- _WHAT IS EXPECTED_
For the material below, reproduce exactly each line from the one that has "已添加联系人基线项,添加基线项操作请参见" through the one that has "It’s PTO election", and no others; pictures stay out.

SUPPLIED MATERIAL Block Start

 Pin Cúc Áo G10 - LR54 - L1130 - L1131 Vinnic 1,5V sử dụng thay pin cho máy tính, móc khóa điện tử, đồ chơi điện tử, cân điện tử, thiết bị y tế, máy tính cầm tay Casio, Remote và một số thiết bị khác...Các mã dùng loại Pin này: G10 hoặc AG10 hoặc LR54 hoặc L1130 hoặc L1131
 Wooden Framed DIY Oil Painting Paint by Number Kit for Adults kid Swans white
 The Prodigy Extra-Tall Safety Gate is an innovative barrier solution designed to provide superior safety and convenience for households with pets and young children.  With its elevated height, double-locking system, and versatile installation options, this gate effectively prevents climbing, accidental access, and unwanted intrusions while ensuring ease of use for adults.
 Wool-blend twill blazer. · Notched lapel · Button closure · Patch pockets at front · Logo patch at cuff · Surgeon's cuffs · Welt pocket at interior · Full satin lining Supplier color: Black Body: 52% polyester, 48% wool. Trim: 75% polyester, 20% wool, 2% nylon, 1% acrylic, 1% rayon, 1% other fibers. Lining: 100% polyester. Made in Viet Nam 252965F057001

SUPPLIED MATERIAL Block End
SUPPLIED MATERIAL Block Start

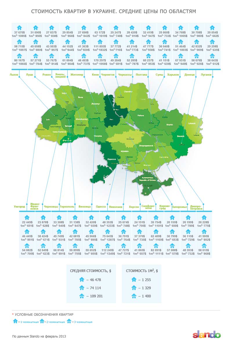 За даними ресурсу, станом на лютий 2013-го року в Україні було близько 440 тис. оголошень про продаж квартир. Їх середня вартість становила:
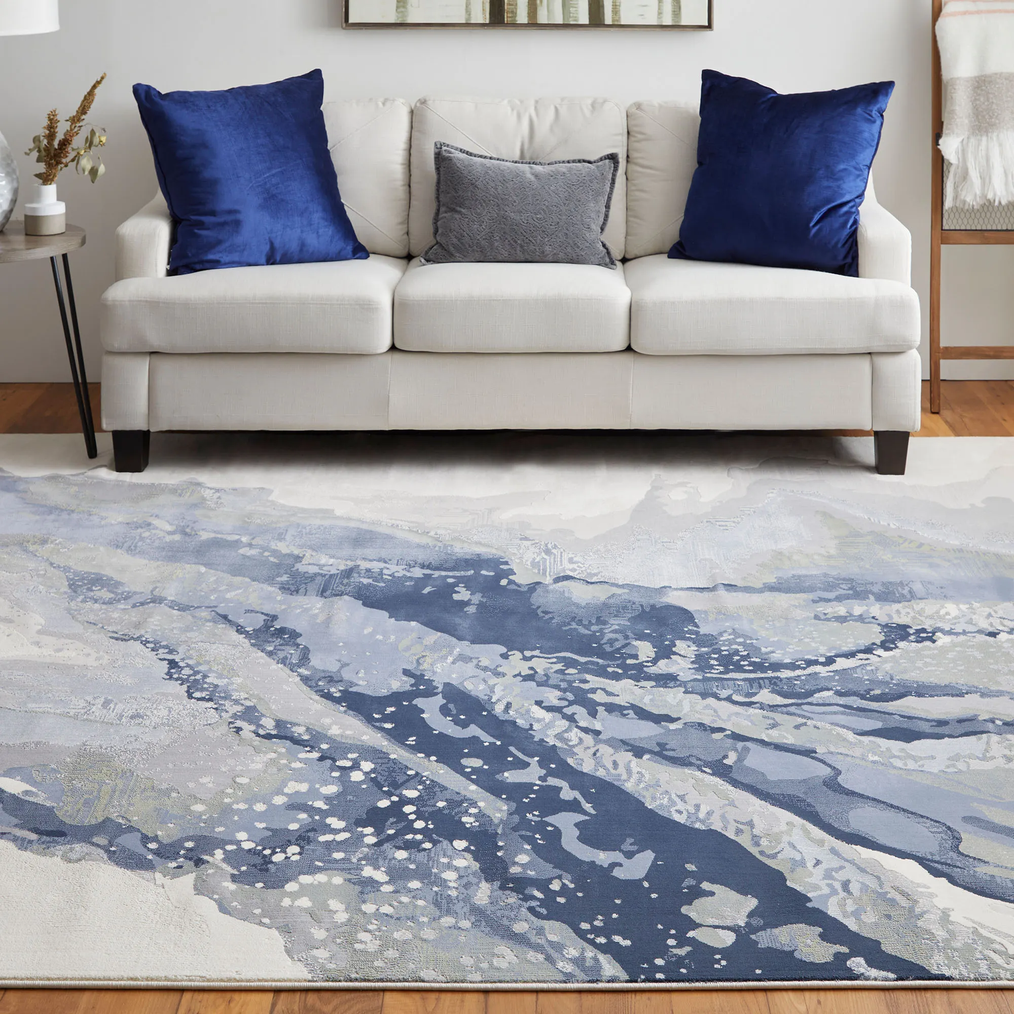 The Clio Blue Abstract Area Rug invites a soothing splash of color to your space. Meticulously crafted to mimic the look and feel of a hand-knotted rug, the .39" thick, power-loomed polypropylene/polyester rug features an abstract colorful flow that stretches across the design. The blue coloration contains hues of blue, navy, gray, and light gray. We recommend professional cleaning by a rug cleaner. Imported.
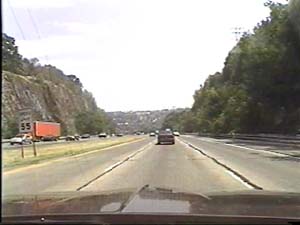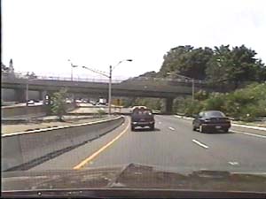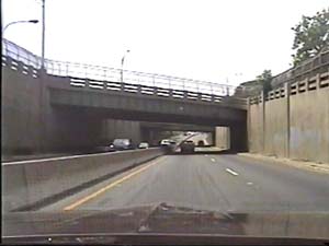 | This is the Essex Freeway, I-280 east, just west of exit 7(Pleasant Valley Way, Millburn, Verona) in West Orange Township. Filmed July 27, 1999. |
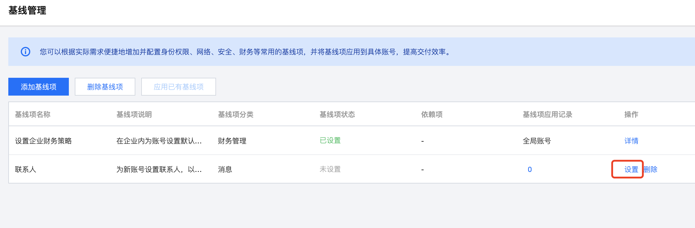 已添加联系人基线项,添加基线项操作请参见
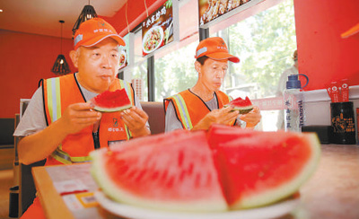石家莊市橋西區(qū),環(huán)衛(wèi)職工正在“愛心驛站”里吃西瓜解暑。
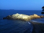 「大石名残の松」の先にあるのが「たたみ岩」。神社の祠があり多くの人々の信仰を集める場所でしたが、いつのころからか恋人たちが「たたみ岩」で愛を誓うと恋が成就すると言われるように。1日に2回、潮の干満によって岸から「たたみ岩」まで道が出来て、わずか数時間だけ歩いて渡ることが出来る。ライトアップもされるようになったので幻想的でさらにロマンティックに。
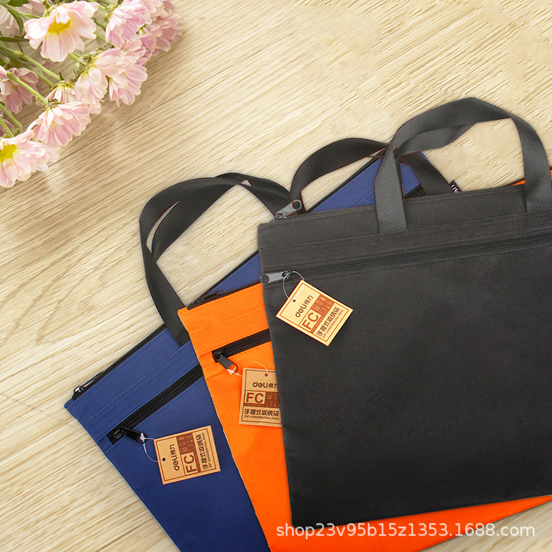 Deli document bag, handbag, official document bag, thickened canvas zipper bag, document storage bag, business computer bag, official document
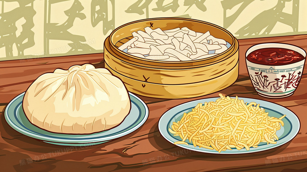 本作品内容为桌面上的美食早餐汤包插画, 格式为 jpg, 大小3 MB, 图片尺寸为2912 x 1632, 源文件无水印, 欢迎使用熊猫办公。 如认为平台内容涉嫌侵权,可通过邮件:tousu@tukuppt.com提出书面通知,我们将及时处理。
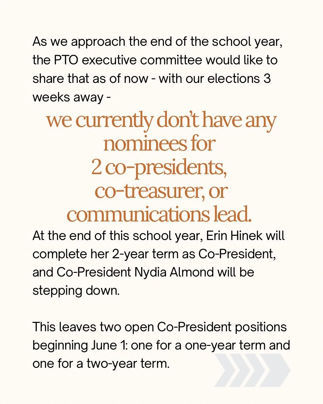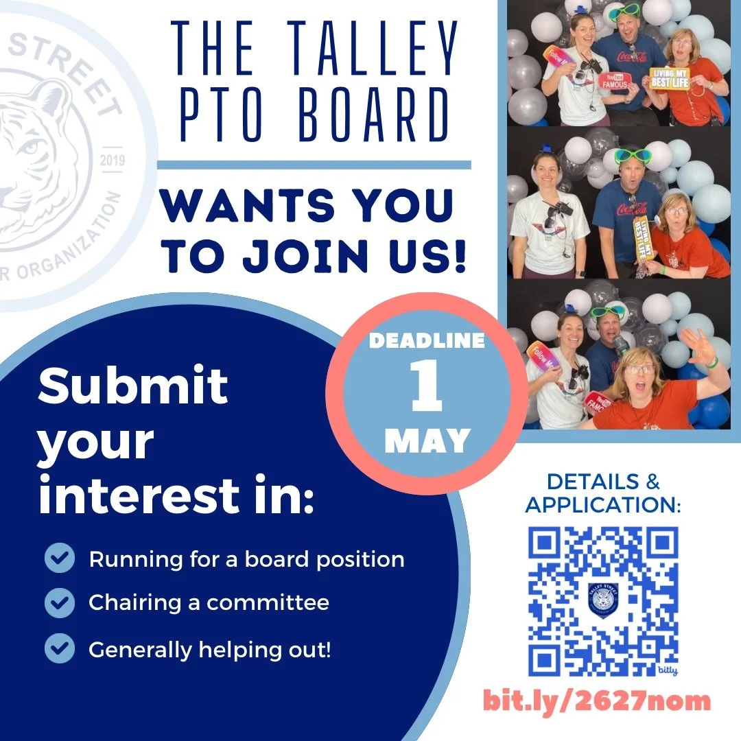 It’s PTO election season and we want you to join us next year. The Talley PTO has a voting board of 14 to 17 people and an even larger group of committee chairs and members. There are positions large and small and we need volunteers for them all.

SUPPLIED MATERIAL Block End
SUPPLIED MATERIAL Block Start

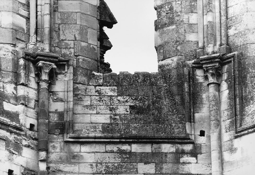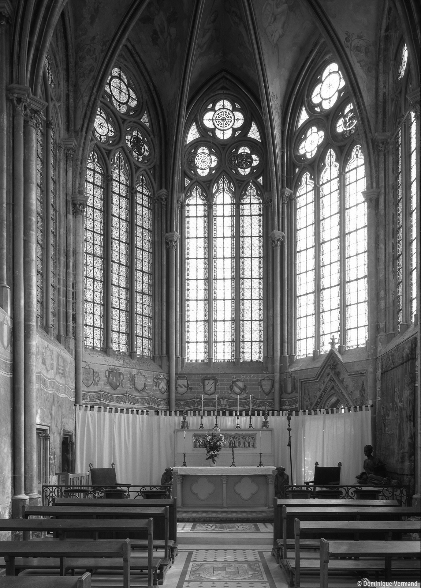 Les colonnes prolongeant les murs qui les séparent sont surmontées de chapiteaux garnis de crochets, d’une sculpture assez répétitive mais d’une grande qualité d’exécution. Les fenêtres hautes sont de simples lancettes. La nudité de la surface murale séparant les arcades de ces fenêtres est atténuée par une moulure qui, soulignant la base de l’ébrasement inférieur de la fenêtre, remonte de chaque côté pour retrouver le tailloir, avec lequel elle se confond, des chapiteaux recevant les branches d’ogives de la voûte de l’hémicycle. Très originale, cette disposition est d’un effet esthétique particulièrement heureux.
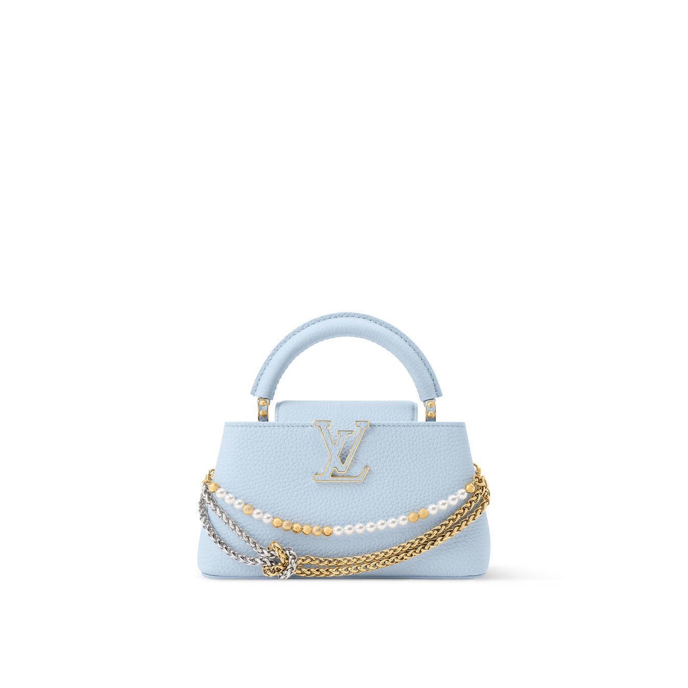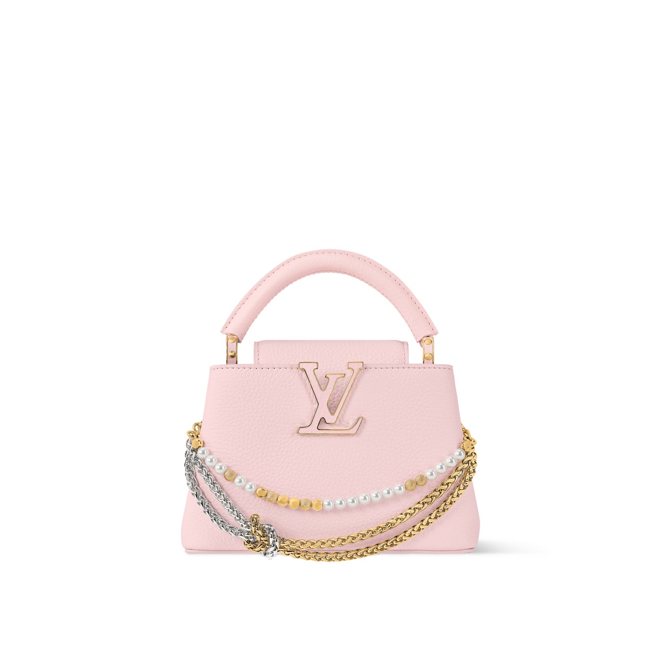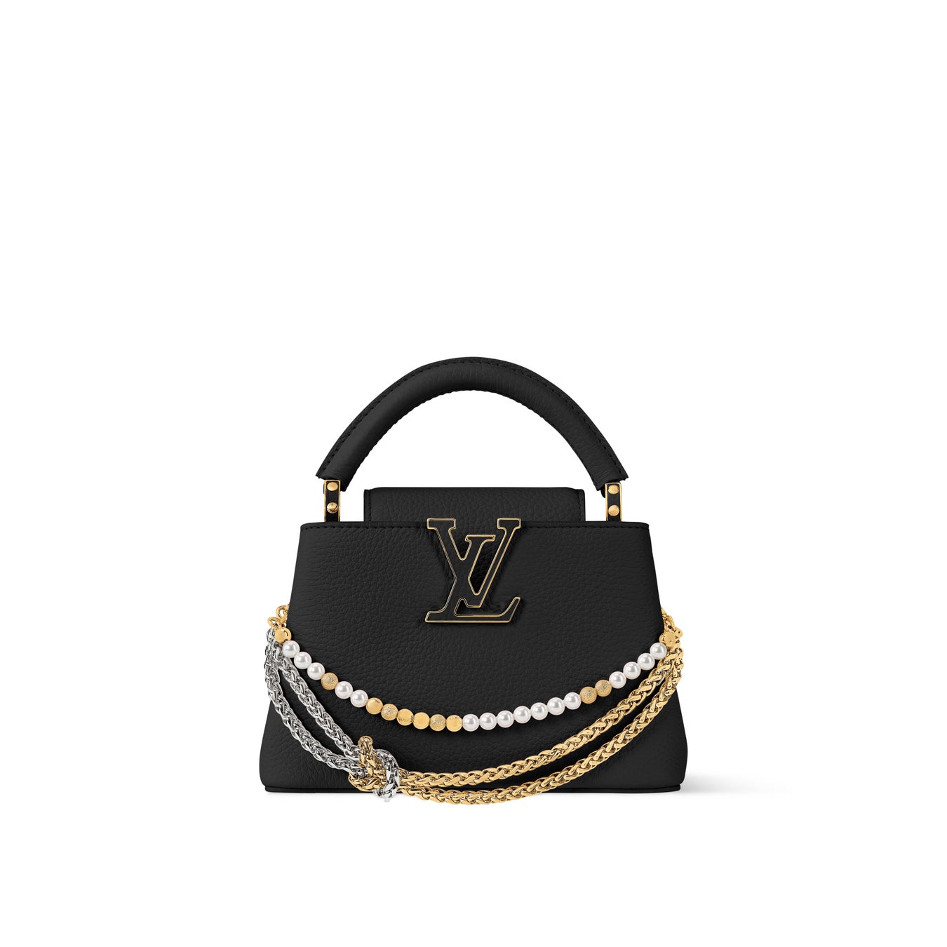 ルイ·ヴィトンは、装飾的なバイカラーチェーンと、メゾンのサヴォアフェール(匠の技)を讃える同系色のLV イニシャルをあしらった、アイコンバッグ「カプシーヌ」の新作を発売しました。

SUPPLIED MATERIAL Block End

- _SOLUTION FOR THIS EXERCISE_
 已添加联系人基线项,添加基线项操作请参见
石家莊市橋西區(qū),環(huán)衛(wèi)職工正在“愛心驛站”里吃西瓜解暑。
 「大石名残の松」の先にあるのが「たたみ岩」。神社の祠があり多くの人々の信仰を集める場所でしたが、いつのころからか恋人たちが「たたみ岩」で愛を誓うと恋が成就すると言われるように。1日に2回、潮の干満によって岸から「たたみ岩」まで道が出来て、わずか数時間だけ歩いて渡ることが出来る。ライトアップもされるようになったので幻想的でさらにロマンティックに。
 Deli document bag, handbag, official document bag, thickened canvas zipper bag, document storage bag, business computer bag, official document
 本作品内容为桌面上的美食早餐汤包插画, 格式为 jpg, 大小3 MB, 图片尺寸为2912 x 1632, 源文件无水印, 欢迎使用熊猫办公。 如认为平台内容涉嫌侵权,可通过邮件:tousu@tukuppt.com提出书面通知,我们将及时处理。
 It’s PTO election season and we want you to join us next year. The Talley PTO has a voting board of 14 to 17 people and an even larger group of committee chairs and members. There are positions large and small and we need volunteers for them all.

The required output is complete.